Information shown:
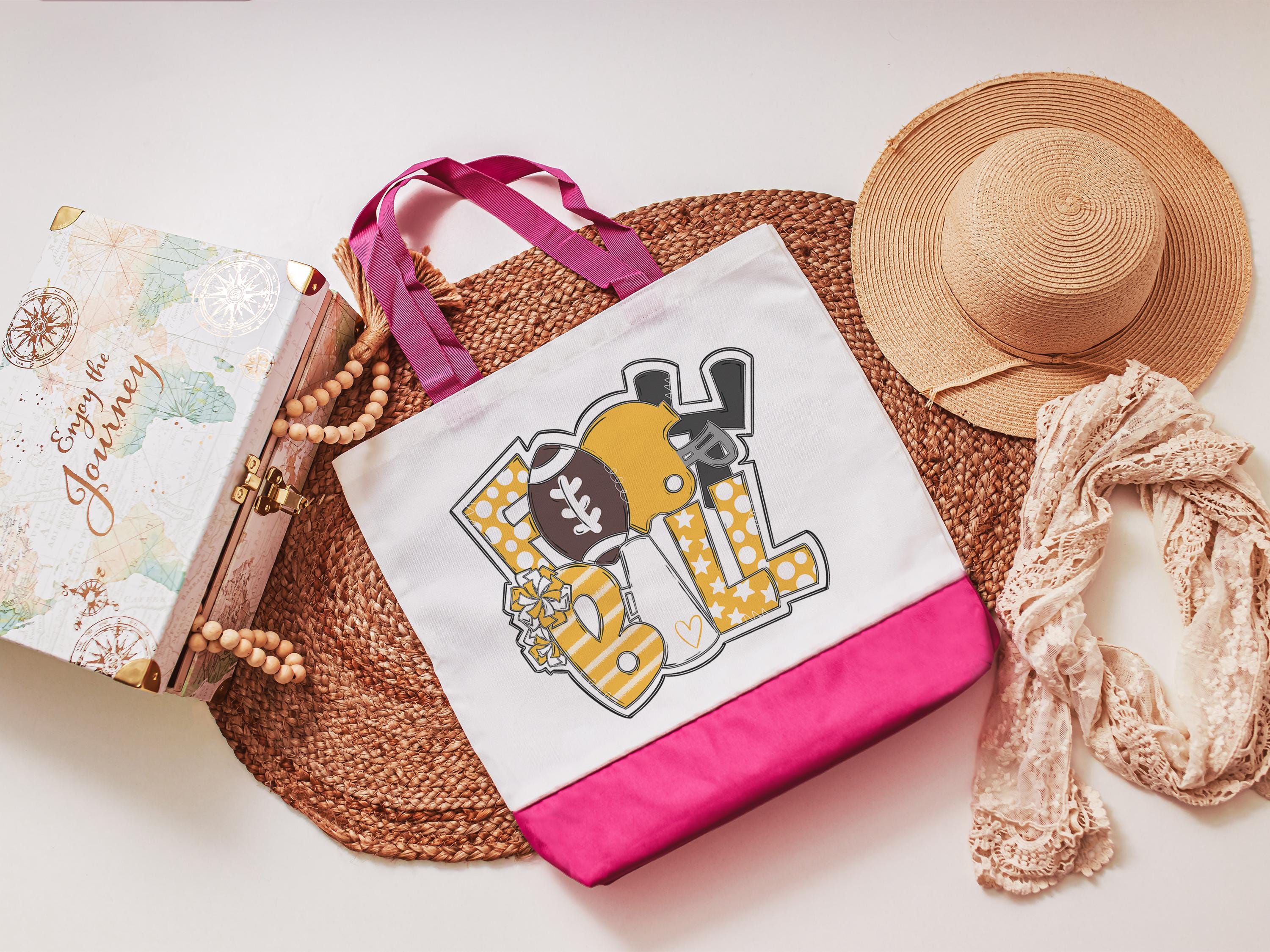 A fun tote bag with a Carolina blue football design is perfect for women who love cheering on the game. This cute football tote doubles as a school spirit accessory and makes a fun game day bag for moms, teens, or anyone showing football cheer.
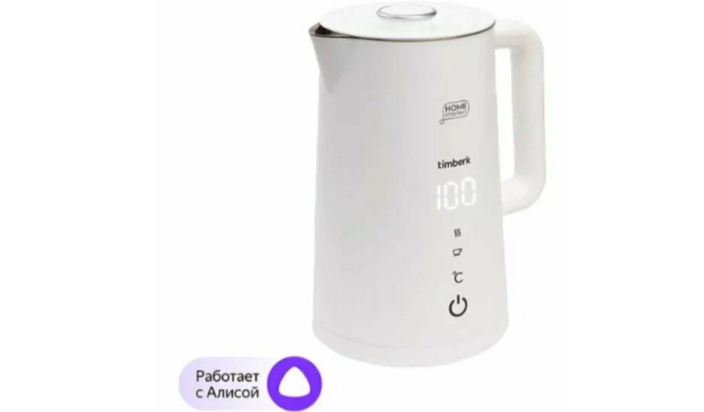 Чайник питается от нагревательного элемента на 2200 Вт, который скрыт для предотвращения образования накипи и продления срока службы устройства. В нем имеются вспомогательные опции, такие как поддержание температуры и функция таймера. Конструкция с двойными стенками не только повышает эстетическую привлекательность чайника, но и обеспечивает изоляцию, что позволяет вашему напитку дольше оставаться горячим. Одной из выдающихся особенностей Timberk T-EK21S103WF являются его интеллектуальные возможности. Вы можете управлять им с помощью смартфона, настраивать процесс приготовления из любого уголка квартиры. Он совместим с экосистемой «Умный дом Яндекса» и работает с Alice, что делает его идеальным дополнением к вашему «умному дому».
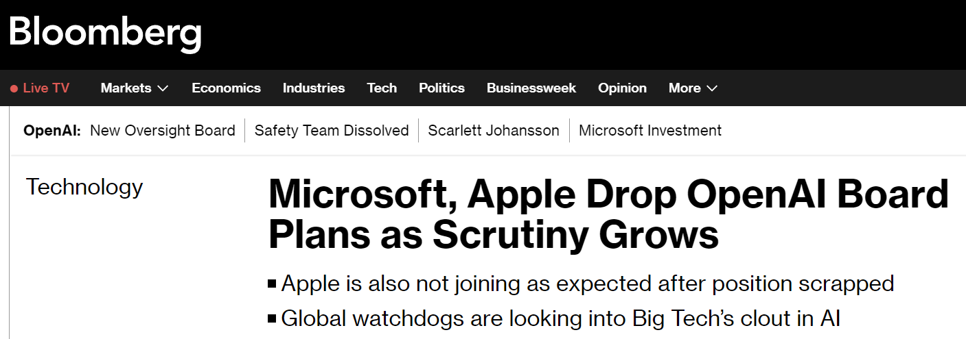 Microsoft and Apple decide not to join OpenAI's board of directors, as major AI tech companies are under tight scrutiny by global regulators.
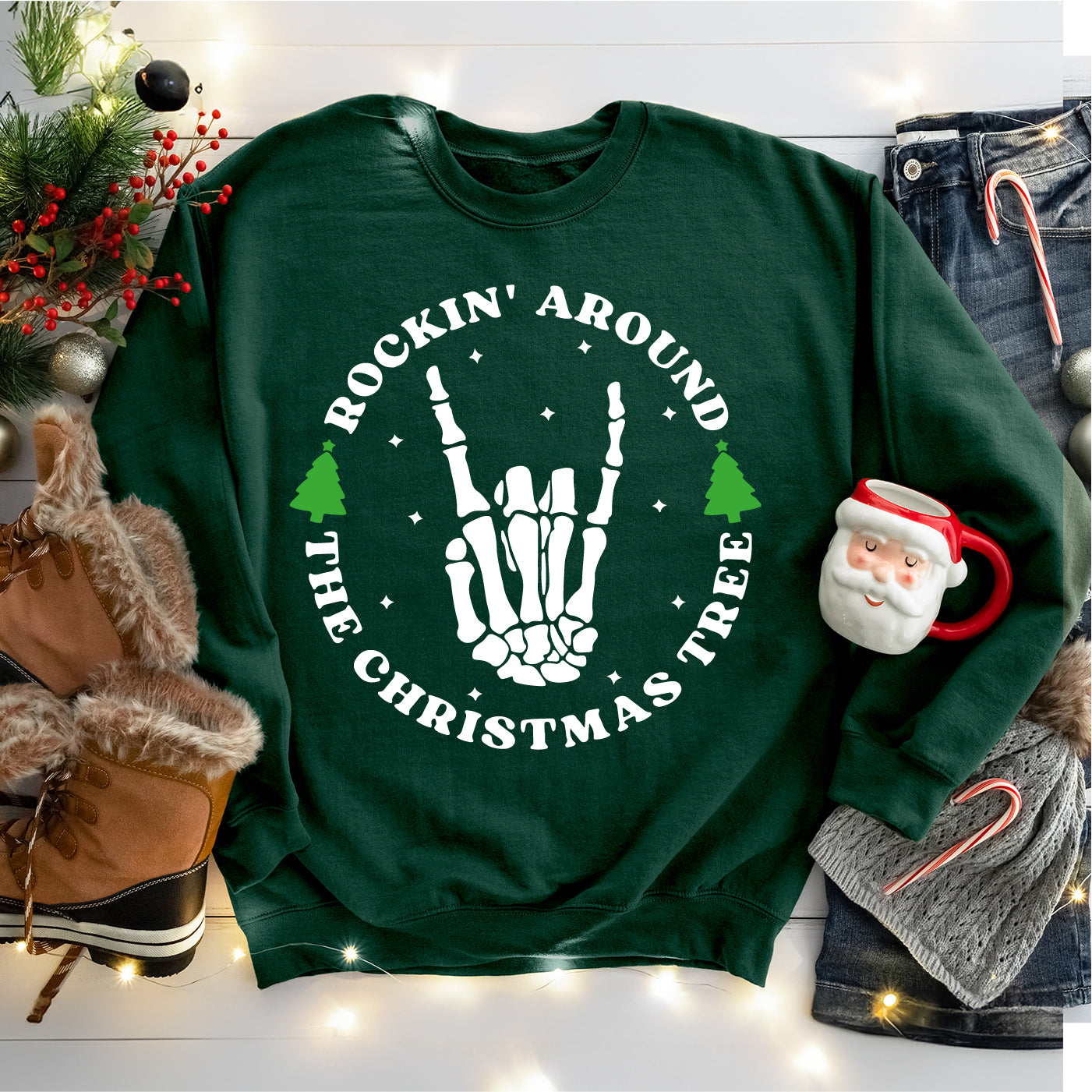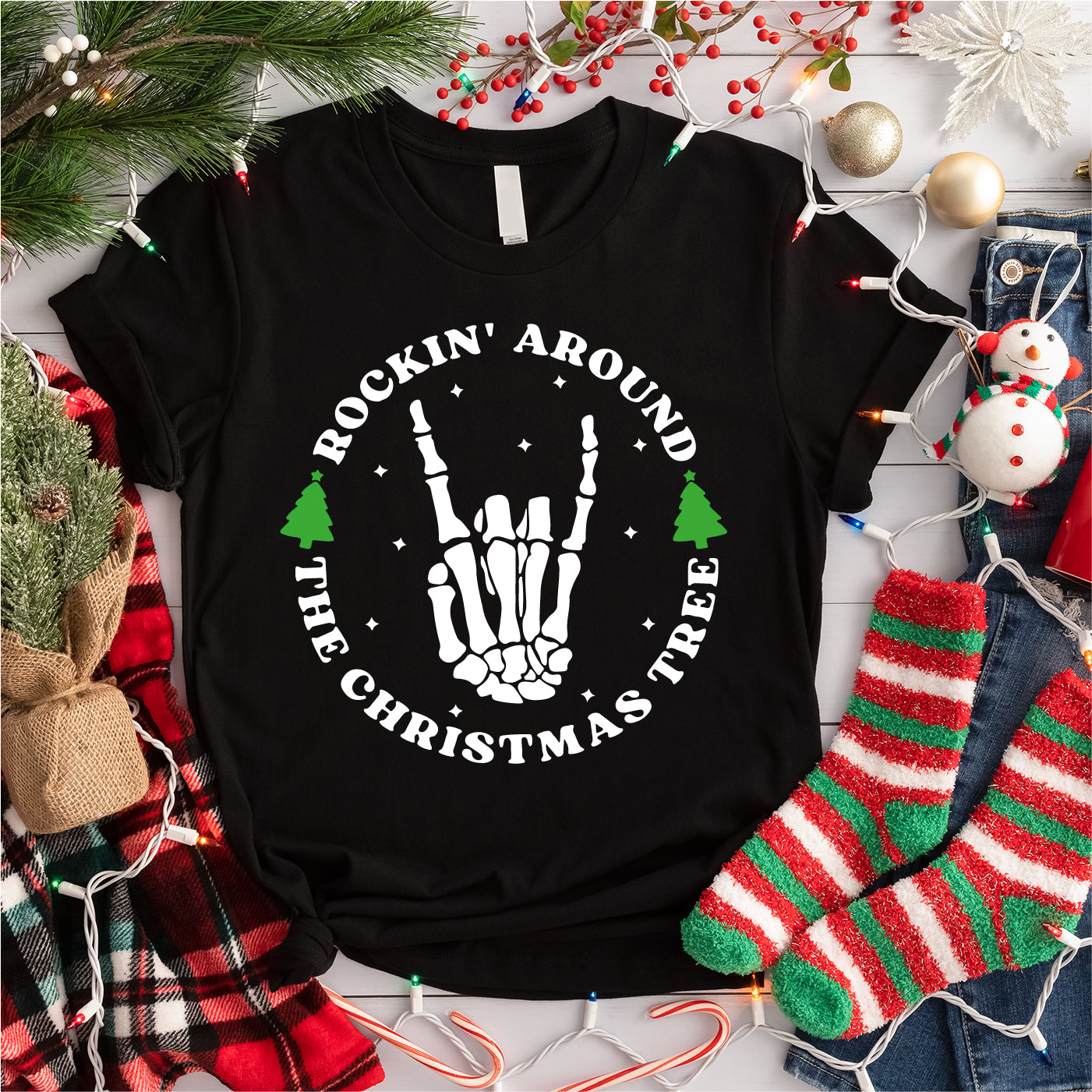 Rocking Around The Christmas Tree Shirt, Xmas Skeleton Shirt

Task brief: Each line above should be returned exactly as it stands, minus any pictures.

Written response:
 A fun tote bag with a Carolina blue football design is perfect for women who love cheering on the game. This cute football tote doubles as a school spirit accessory and makes a fun game day bag for moms, teens, or anyone showing football cheer.
 Чайник питается от нагревательного элемента на 2200 Вт, который скрыт для предотвращения образования накипи и продления срока службы устройства. В нем имеются вспомогательные опции, такие как поддержание температуры и функция таймера. Конструкция с двойными стенками не только повышает эстетическую привлекательность чайника, но и обеспечивает изоляцию, что позволяет вашему напитку дольше оставаться горячим. Одной из выдающихся особенностей Timberk T-EK21S103WF являются его интеллектуальные возможности. Вы можете управлять им с помощью смартфона, настраивать процесс приготовления из любого уголка квартиры. Он совместим с экосистемой «Умный дом Яндекса» и работает с Alice, что делает его идеальным дополнением к вашему «умному дому».
 Microsoft and Apple decide not to join OpenAI's board of directors, as major AI tech companies are under tight scrutiny by global regulators.
 Rocking Around The Christmas Tree Shirt, Xmas Skeleton Shirt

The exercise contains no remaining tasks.